It Was Always My Choice to Make
It Was Always My Choice to Make
A ship at sea. Date: January 14, 2018 Author: Live Your Wage
I’m in the bowels of a large ocean liner steaming across the open sea. My heart is pounding and my arms ache. I’ve been shoveling coal from giant reservoirs into the furnace. Me and dozens of workers are in a giant boiler room and have been shoveling non-stop for 10 hours. (1)
The burning coal provides the steam that turns the 8 giant 30-foot pistons just behind our massive boiler room. The pistons in turn rotate the two enormous propellers just aft of the ship. The more coal, the more steam. The more steam, the more pressure to turn the pistons and apply power to the propellers – and the faster we get to our destination.
But I don’t know where our destination is? The captain from his perch in the pilot house has voiced on more than one occasion that the destination is a tropical island of unbelievable beauty. The passengers have all paid good money to visit this place.
And to stay on schedule the ship must travel as fast as possible. Requests for more coal and more steam are a common refrain from the pilot house.
So I dig and shovel. Day and night. (2)
Finally the ship arrives. Calls for more coal cease. I can feel the ship slowing as we come into port. I hear the call for passengers to disembark.
But I am not offered that option. I am not a passenger.
My orders are to transfer more coal from the main depot in another part of the ship to the large reservoirs in the boiler room to make ready for the next part of the journey.

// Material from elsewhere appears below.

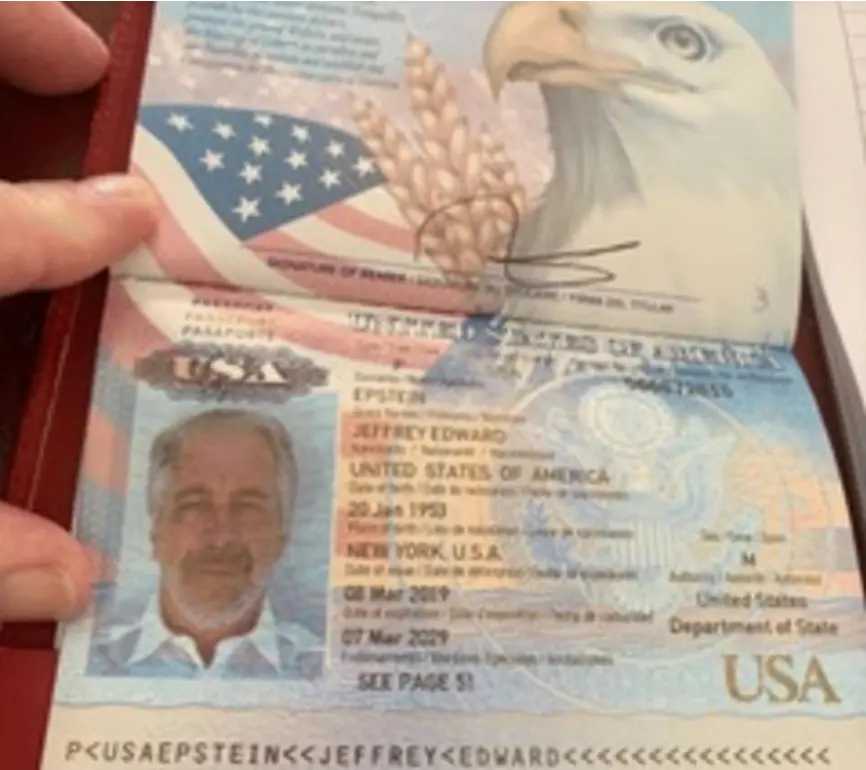 此外,照片还包括爱泼斯坦生前最后一本美国护照,上面明确标注其“因针对未成年人的性犯罪被定罪”的记录;以及一张他面带微笑、与身着类似海关制服人员握手的照片。

The task takes most of the day. I never glimpse a window. I never get a peek at the glorious island just outside, let alone set foot in the soft sands.

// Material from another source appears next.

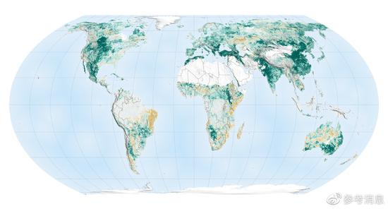中国又上了一次世界级“热搜”:美国航天局卫星数据表明,全球从2000年到2017年新增的绿化面积中,约四分之一来自中国,贡献比例居全球首位。
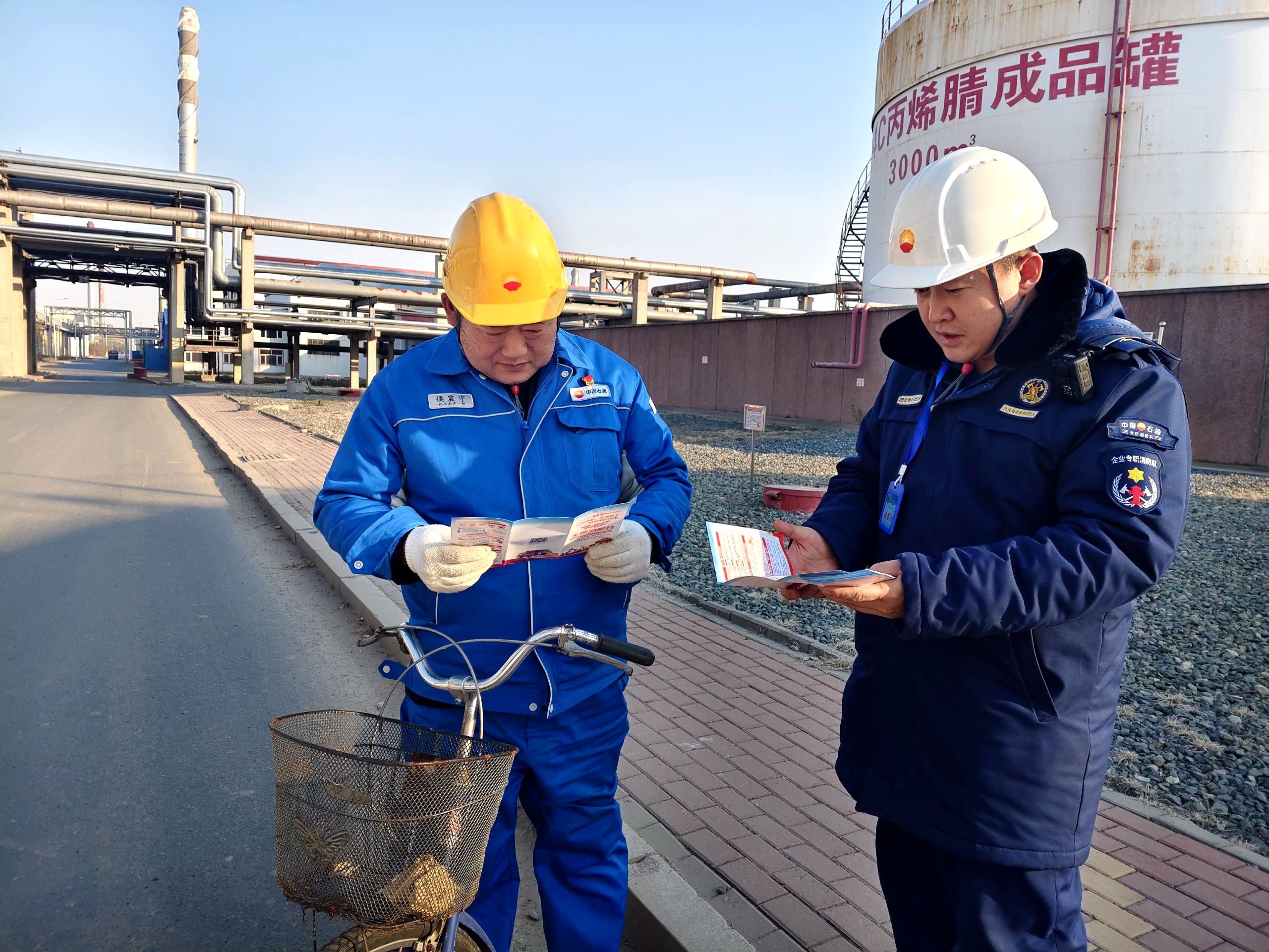 炼化消防大队宣传员结合辖区重点单位易燃易爆危化品多、火灾风险系数高的特点,将“理论讲解+资料发放”有机结合,让消防安全知识真正“入脑入心”。宣传员走进各厂区车间,一边向企业员工发放精心制作的《消防安全手册》宣传资料,一边用通俗易懂的语言讲解火灾的危害性、日常火灾隐患排查要点,重点围绕石油化工企业常见的设备管线泄漏、原油储罐起火等风险场景,详细介绍初期火灾扑救的正确方法、灭火器与消防栓的规范使用步骤,以及不同类型火灾的针对性应对策略。

In fact, the scenery for me is no different here than when we were in the middle of the ocean or even back at our original port. I’d be hard pressed to prove that any change in location had occurred at all.

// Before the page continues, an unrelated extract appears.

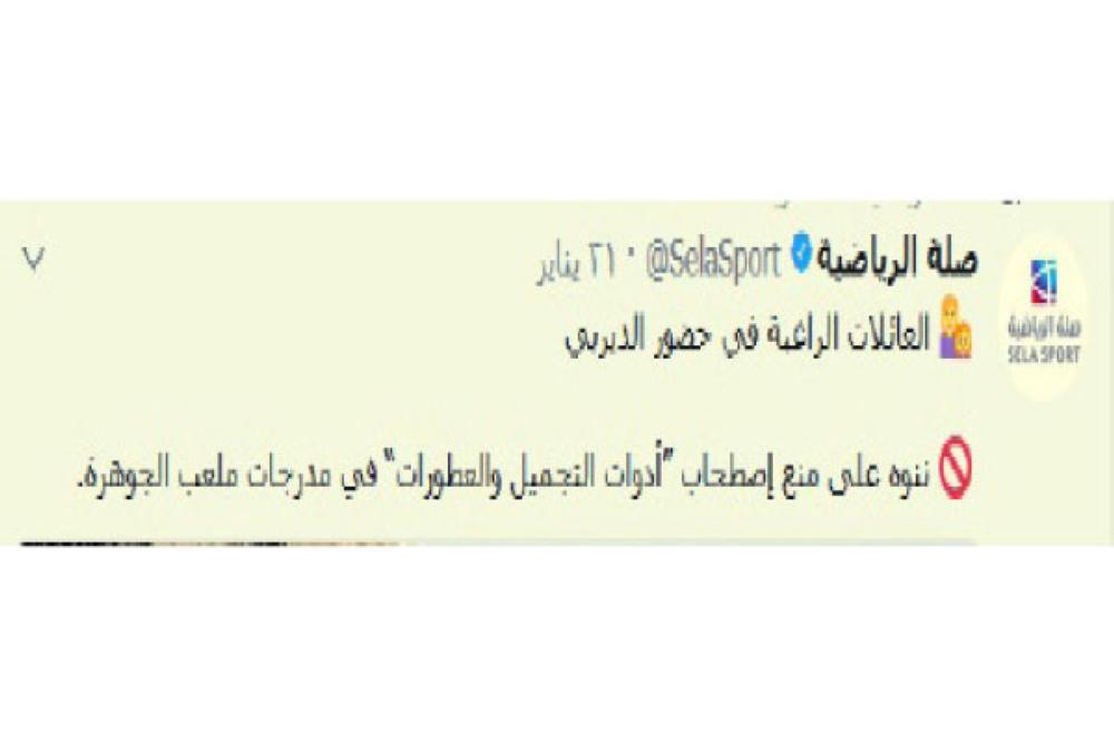 وجاء ذلك خلال بث الحساب الرسمي لصلة الرياضية عبر موقع التواصل الاجتماعي «تويتر» تغريدة، نصها كالتالي: «العائلات الراغبة في حضور الديربي.. ننوه على منع اصطحاب «أدوات التجميل والعطورات» في مدرجات ملعب الجوهرة».

Abruptly I hear the captain call for engine preparations as the passengers begin returning to the ship. We’ll be leaving port in a matter of minutes. That’s when two very powerful revelations erupt within me.
First, if I never get to see or experience the destination, then the destination doesn’t actually matter.
Sure, it matters to the passengers who are paying good money to get there, and those wages trickle down into my salary, which I value greatly. But does the invisible destination impact or change me in any way? Would it be any different if the destination was a polluted backwater with overgrown brush and rocky beaches?
If you never see the destination, the destination loses all meaning.
The fact that the destination is a wonderful tropical island is just a means of getting passengers to pay money to board the ship. To me, the destination no longer matters. Just the money.
The second revelation is I realize what moves the ship.